Only Mixtral-8x22B there in 126-150B range.
Only Step-3.5-Flash there in 150-200B range. 150B is a good size, Q4 comes in 75GB which is good for 64/72/80GB VRAM.
Model creators could consider the above ranges for their upcoming medium size models.
I think many would prefer to see more new Medium (size) Language Models(70-200B) than Large 1T models. Like people who's with 96GB VRAM(4x 3090s or 3x 4090s) could run 200B models @ Q4 with Offloading(System RAM), -ncmoe, etc.,
(BTW I didn't forget models like MiniMax-M2.5, Qwen3-235B-A22B & Qwen3.5-397B .... Those falls under Big category, maybe separate thread is better for that. or MiniMax-M2.5 & Qwen3-235B-A22B belong to above list as it's sitting near to 200B range?)
(Previously I wished for more tiny/small models as my current laptop has only 8GB VRAM. But soon I'm getting new rig with 72-96GB VRAM so now expecting more medium size models)
So what are your expectations from Model creators on upcoming models?
uti24@reddit
It's like.. so so?
Most MOE models with big overall parameters count act like small dense models, so this model acts more like 15B parameter model.
Lets talk real deal!
pmttyji@reddit (OP)
I think I didn't get Falcon due to License filter. I guess same with Cohere Command models.
uti24@reddit
I mean, Falcon 180B is old anyways. But was the first model ever that worked locally somewhat like GPT-3.5
pmttyji@reddit (OP)
I came to LLM thing last year start only so I have no idea of 2024 & prior years of LLM timeline. I remember I downloaded Deepseek R1's distill models(7B, 14B) first. Still I was slow at that time.
llama-impersonator@reddit
this is a more popular category now with GLM 4.5-Air and gpt-oss-120b probably inspiring qwen 3.5-122b and the nemotron super to have the size they have, but there's always been a long tail in the distribution where the amount of people who can run a 30b model greatly exceeds the amount of people who can run a 120b model. cloud users mostly talk about the top models as they don't have hw limitations, so you got the U shaped engagement curve. but i think us local users are way more excited about future 150-400b models than a 1T deepseek i can't run.
pmttyji@reddit (OP)
Agree on the ratio of Users of 30B models vs 120B models. Myself currently belongs to 30B club.

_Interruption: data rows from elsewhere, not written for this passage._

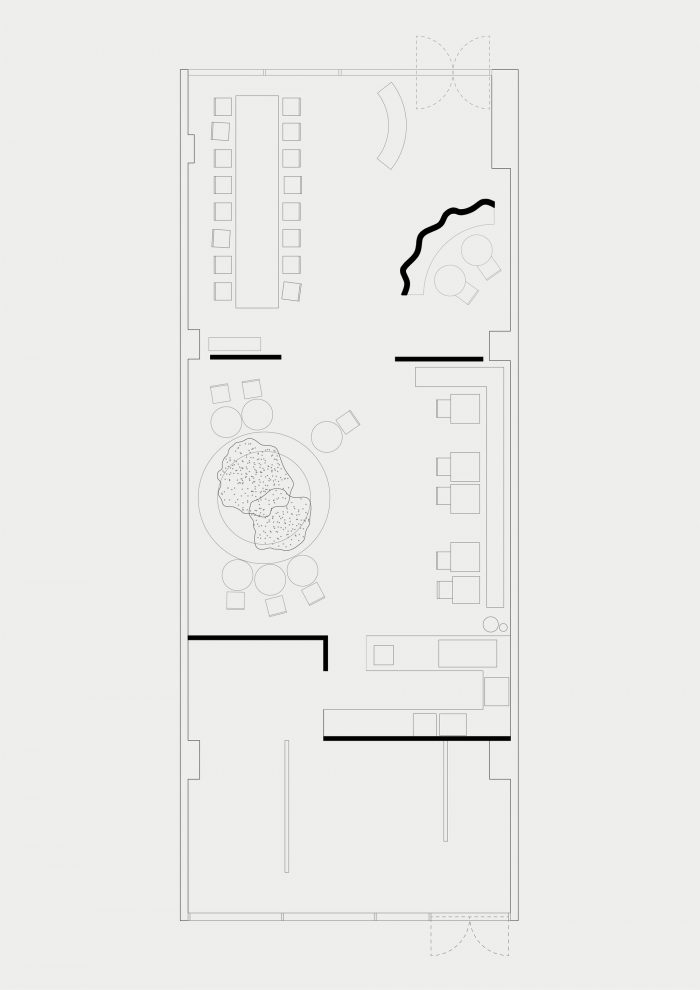 由低墙划分的软分区,通过不同的家具创造出不同的氛围。低墙使一个空间最大化。因此,游客在踏入室内时,会感觉到一个低墙群落。这个 "墙的社区 "是构成这个项目的一切。
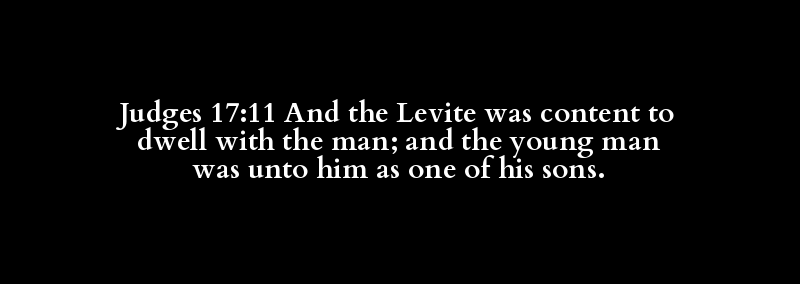 Judges 17:11 And the Levite was content to dwell with the man; and the young man was unto him as one of his sons.
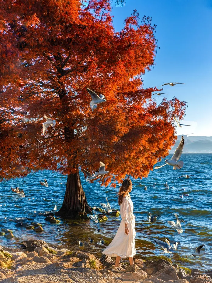 午餐后,前往➱喜洲古镇(洱海生态廊道骑行+海舌公园旅拍(夫妻树+金花共舞))千年历史的喜洲古镇,那里青瓦白墙,稻香扑鼻,白族人民热情好客,让我们乘坐古镇的观光游览车一路往洱海边去,生态廊道已为我们准备好了随风骑行的小花车,一路吹着风,经过五百年相生相伴,风雨共济的网红夫妻树,那里的无人机航拍摄影师为我们留下美好的视频,一路骑行至那万亩大草坪中,有白族金花与我们共舞,到达海舌公园蜜月半岛,不经意间:你在沙滩上,海风吹起了你的长发,旅拍摄影师为你定格下那最美的瞬间。
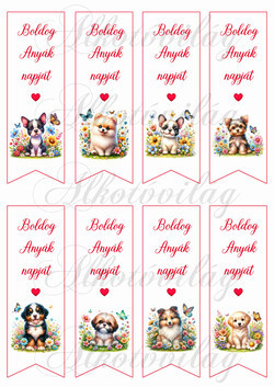 Könyvjelzők cuki kiskutyákkal, virágokkal - BOLDOG ANYÁK NAPJÁT felirattal - Több mint 20 alapanyagon elérhető.
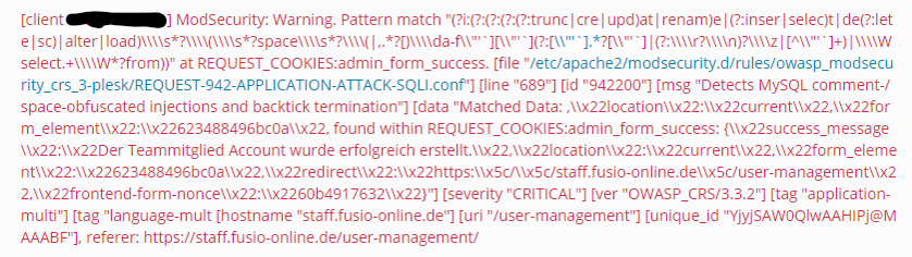 After trying to create a new user in the frontend, Server Error 403 comes up.
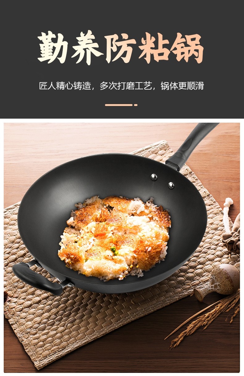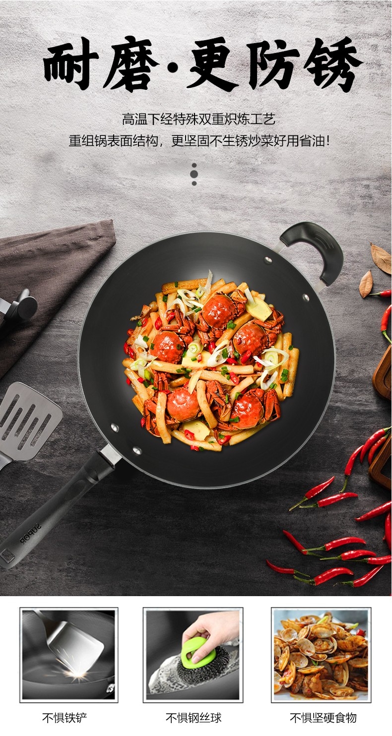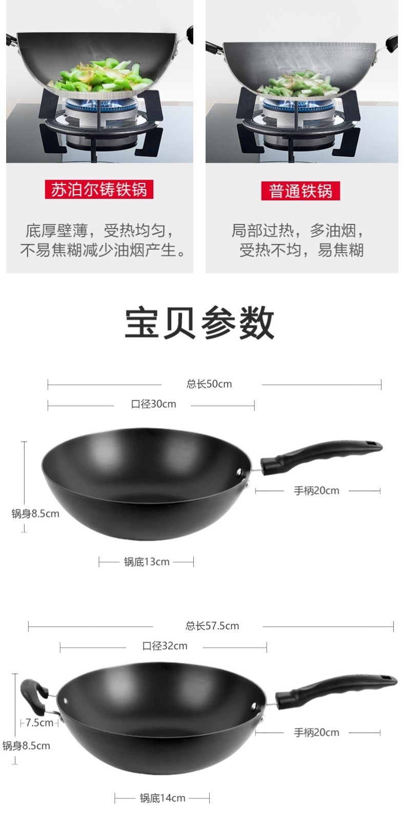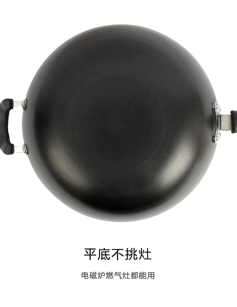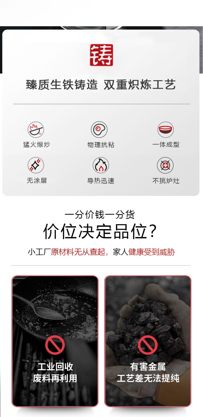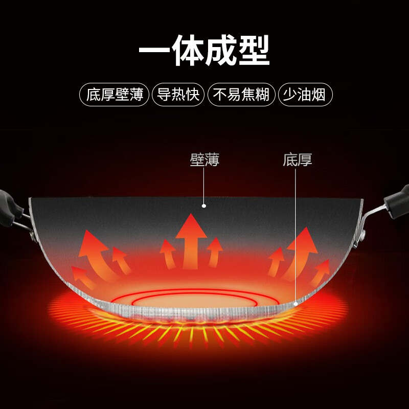 生铁铸造,耐磨防锈,无涂层;锅身一体成型,底厚壁薄,高效导热,不易焦糊;电磁炉燃气通用
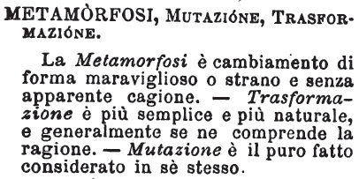 | Metamorfosi, Mutazione, Trasformazione - La Metamorfosi è cambiamento di forma maraviglioso o strano e senza apparente cagione.- Trasformazione è più semplice e più naturale, e generalmente se ne comprende la ragione.- Mutazione è il puro fatto considerato in sè stesso. [immagine] |
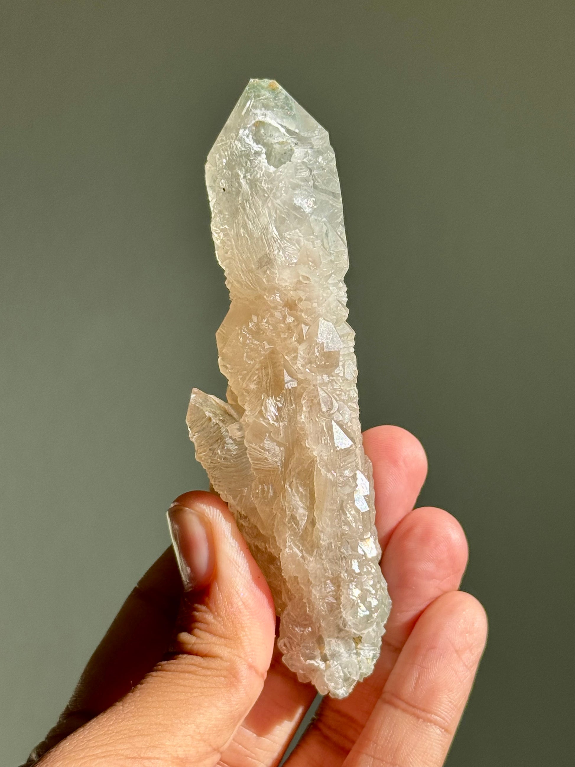 A larger quartz point with some chlorite inclusions and hematite inclusions within the main termination. The growth interference along the lower half of the piece adds additional flair, making this piece quite unique.
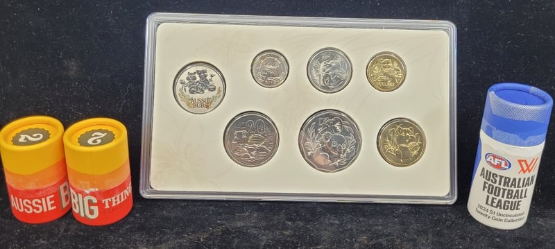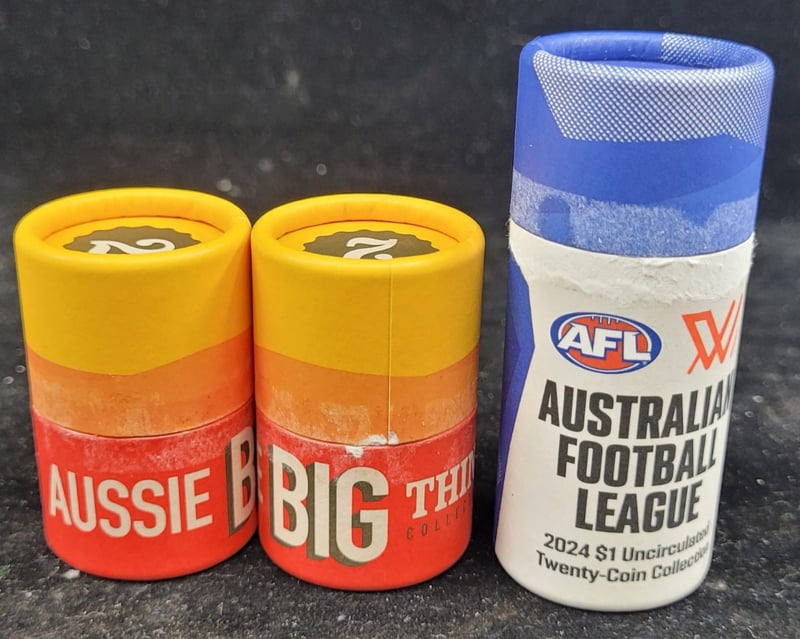 2026 Six Coin Aussie Bubs, 2024 $1 Afl Twenty Coin Collection, 2025 $1 Aussie Big Things Ten Coin Collection
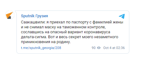 "Я приехал по паспорту с фамилией жены и не снимал маску на таможенном контроле, сославшись на опасный вариант коронавируса дельта-сигма. Вот и весь секрет моего незаметного проникновения на Родину", - сообщил политик.
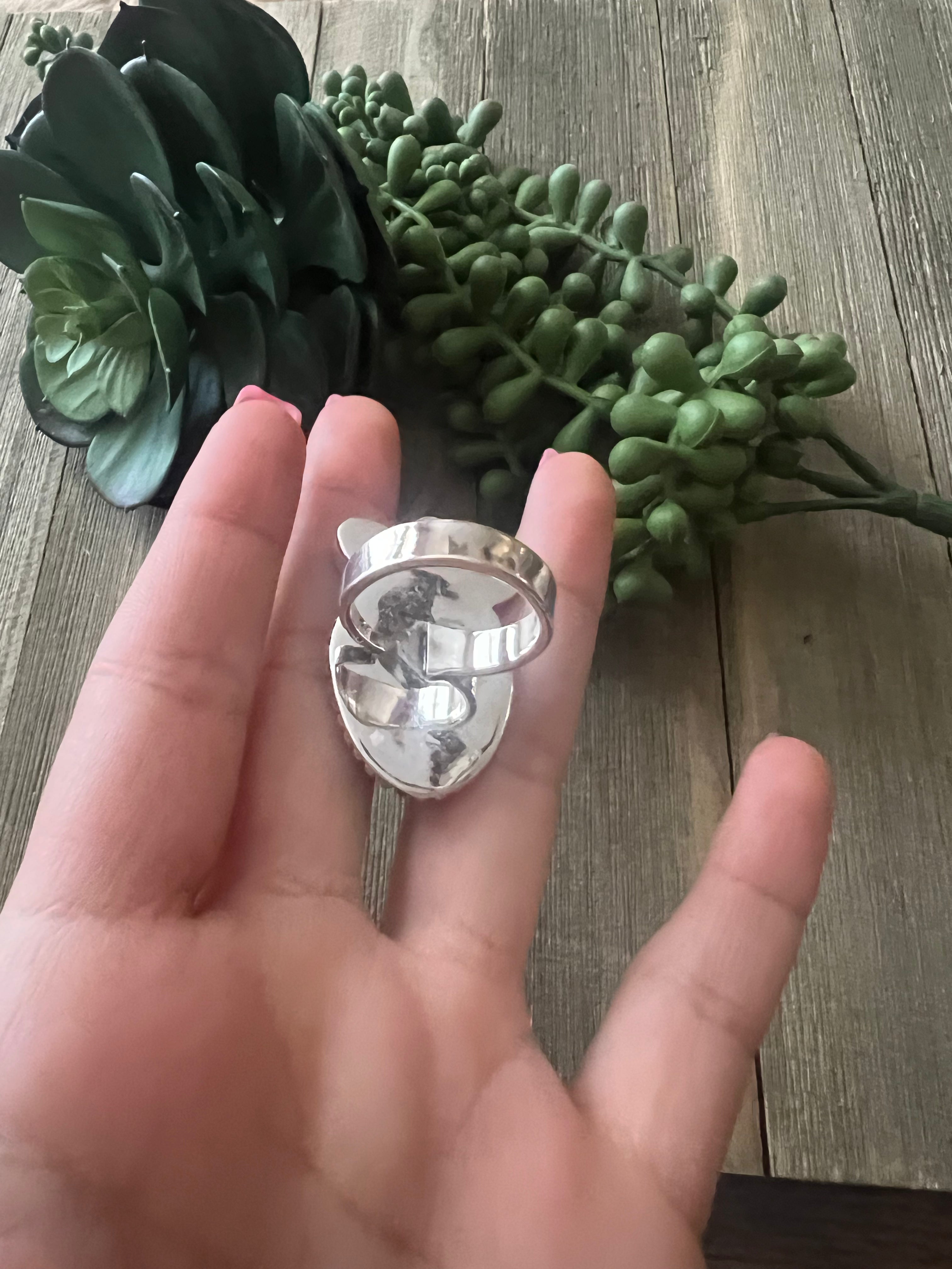 Southwest Kingman Turquoise & Sterling Silver Adjustable Ring. It measures 1 3/8 inches long and just over 7/8 of an inch wide. Stamped sterling silver.
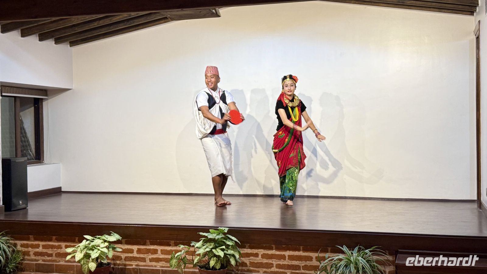 Am Abend erwartete uns noch ein besonderes Highlight: ein traditionelles nepalesisches Abendessen mit Tanzshow. In farbenfrohen Trachten führten die Tänzerinnen und Tänzer verschiedene regionale Tänze auf. Es war ein fröhlicher und lebendiger Abschluss dieses erlebnisreichen Tages, an dem wir die kulturelle Vielfalt Nepals zum ersten Mal hautnah erleben durften.
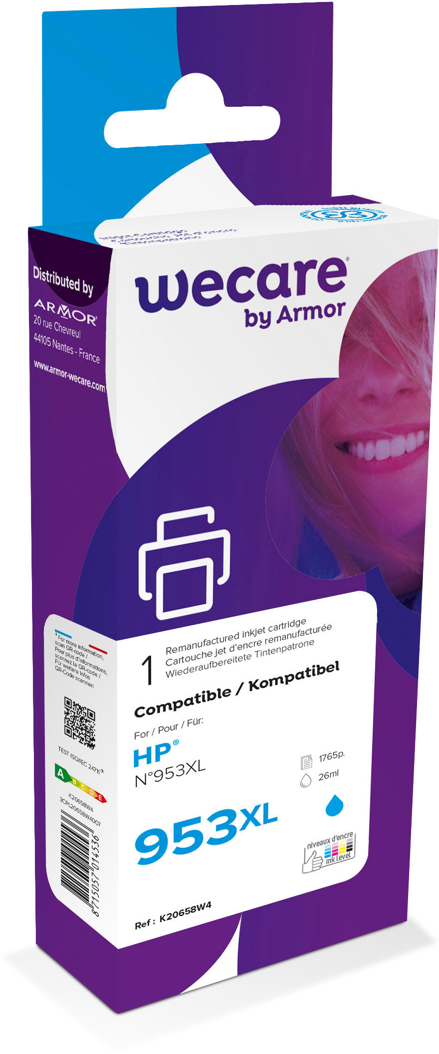 WECARE Tinte 953XL rebuilt cyan F6U16AEWE z.HP OJ Pro 8710 26ml

Yep, same. I'm getting new rig with 72-96GB VRAM + 128GB DDR5 RAM for now. Later I'll add additional 128GB RAM & also additional GPU(24-32GB) so I could load 400B models @ Q4 in future.
lemondrops9@reddit
ummm Llama 3.3 is quite old and Llama 4 was not popular. Mixtral 8x22 also old as most models are moe or dense now.
pmttyji@reddit (OP)
I replied to other comment about this. Even with old models, we have only around 25 models in 70-200B range. It would be great to have 25 new models in this range this year.
SeymourBits@reddit
More of these should arrive soon as they can fit on a dual Spark setup! Personally, I consider any model over 10B to be large, and any model over 100B, giant (GLM).
RedParaglider@reddit
I mean I talk about them because I can run them, but the fact is most people are unable to run a 27b, so it's pretty obvious. When qwen did that poll asking what size of models they should make I was really impressed that 120's came in at 20 percent.
With the rampocolypse probably lasting until mid 2027 I doubt that will change. I hope all my gamer and LLM Bros can get the hardware they need but I would probably tell people not to buy right now unless they really have to.
pmttyji@reddit (OP)
Till now, I'm in same club as my current laptop has only 8GB VRAM. I get it what you're saying. But my point is people talk more about small models like you mentioned & large models like Kimi-K2.5, Deepseek-R1/V3, GLM-5.1. But didn't see much on Middle ground. Individually models like GLM-4.5-Air, GPT-OSS-120B, Qwen3-Coder-Next, Qwen3.5-120B, MiniMax-M2.5, Qwen3-235B-A22B & Qwen3.5-397B got good feedbacks separately.
Maybe threads like this could help Model creators to create models in mentioned range.